En lo que se refiere a la aportación civilizatoria cisterciense en la Francia del siglo XII,  hay que tener en cuenta que las opiniones artísticas de San Bernardo de Claraval son esencialmente agustinianas. Ningún autor ejerció una mayor influencia teológica, después de los Apóstoles, en San Bernardo que San Agustín. En De Trinitate, había meditado San Agustín sobre el misterio de la Redención. La muerte de Cristo servía de reparación de la doble muerte del hombre (la del cuerpo y la del alma; ésta segunda, por efecto de la acción del pecado). En tal misterio, ve Agustín una «consonancia» entre uno y dos; es más: la consonancia de la octava (que es la expresión musical de la razón 1:2) expresa para el oído humano el misterio de la Redención. Son las consonancias musicales, para San Agustín, las que constituyen un eco de la verdad teológica (y no al revés), y el disfrute sensorial de la armonía musical (y de la proporción arquitectónica), es nuestra respuesta intuitiva a la realidad última o divina. Esta opinión también la hallamos en Othlon (Otloh / Othlo) de San Emerano (1032-1070 o c. 1010-c.1072) (la abadía de St. Emmeram está cerca de Ratisbona), para quien hasta el orden que prevalece entre las huestes celestiales se corresponde con los intervalos de las consonancias perfectas.

San Bernardo pensaba de manera muy parecida. Era una persona profundamente musical. Hasta en estas cuestiones fue agustiniano. Lo que le pide a la música eclesiástica es que «irradie» verdad, que «haga sonar» las grandes virtudes cristianas. La música debe agradar al oído con el fin de conmover al corazón.

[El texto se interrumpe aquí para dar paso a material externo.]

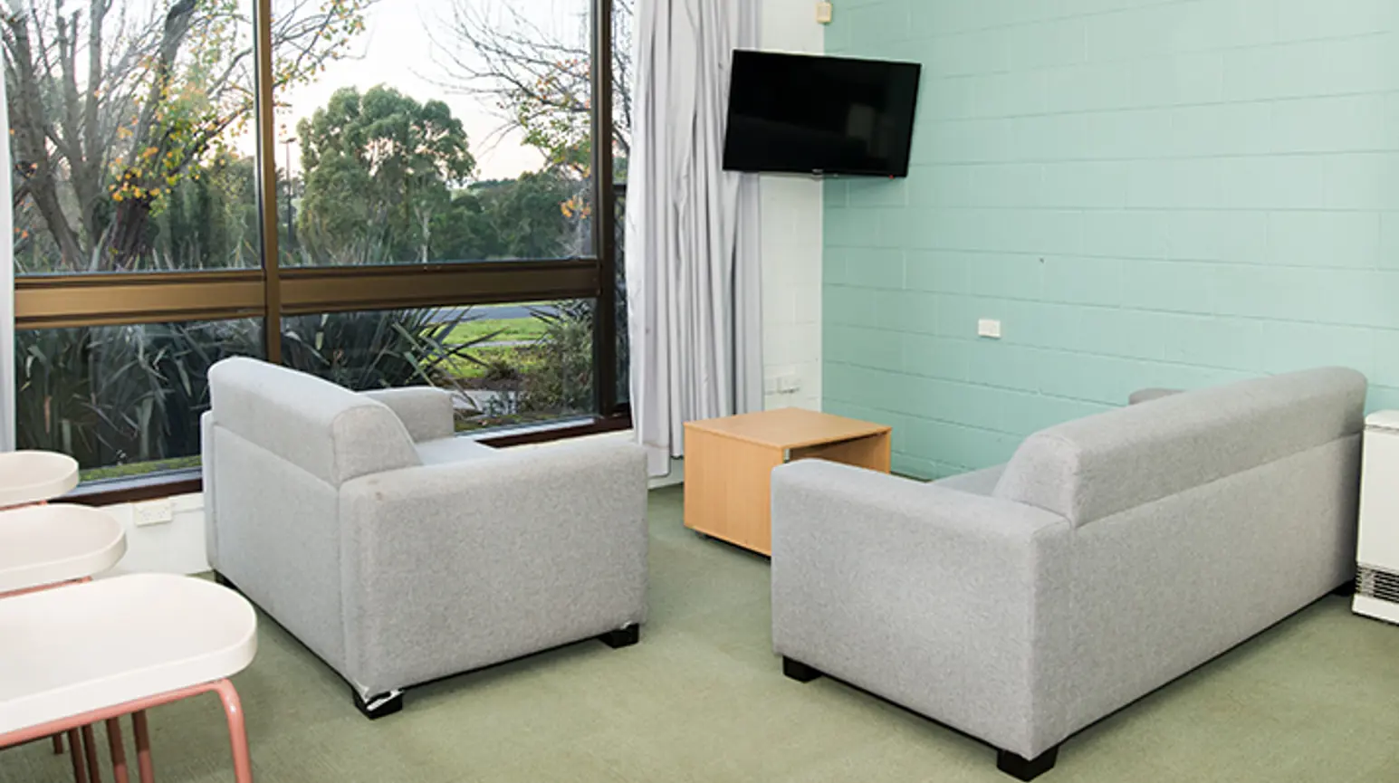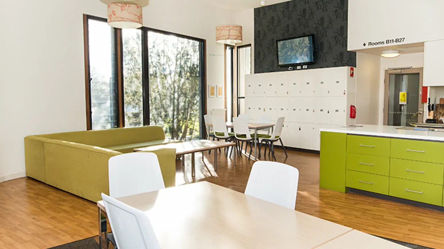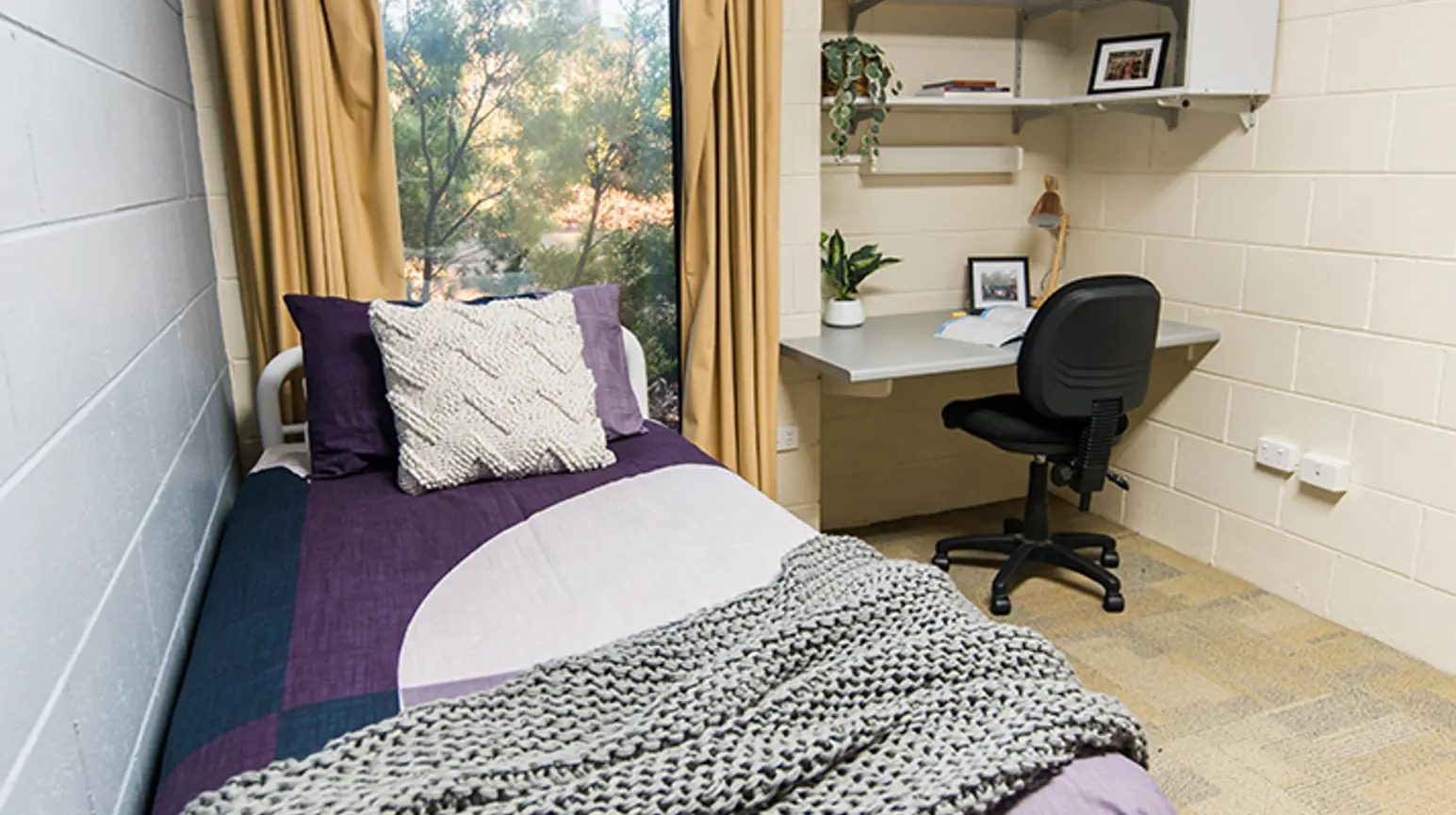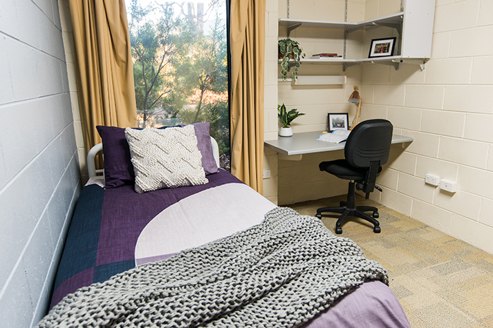Each self-contained unit has six bedrooms, plus a kitchen, lounge, bathroom and laundry. Partnered accommodation is also available – rooms are the same size as the others but include a double bed.

A San Bernardo le gusta describir la dicha celestial en términos musicales, como un eterno escuchar los coros de ángeles y santos y participar en ellos. Al pedir que la música estuviera armonizada con las experiencias metafísicas y éticas de la vida cristiana, ampliaba su campo de acción creativa, enfrentándolo a un reto de tipo agustiniano. Un hombre así no podía por menos de respetar en la arquitectura bien proporcionada aquella dignidad metafísica de las razones que encontraba en la composición musical.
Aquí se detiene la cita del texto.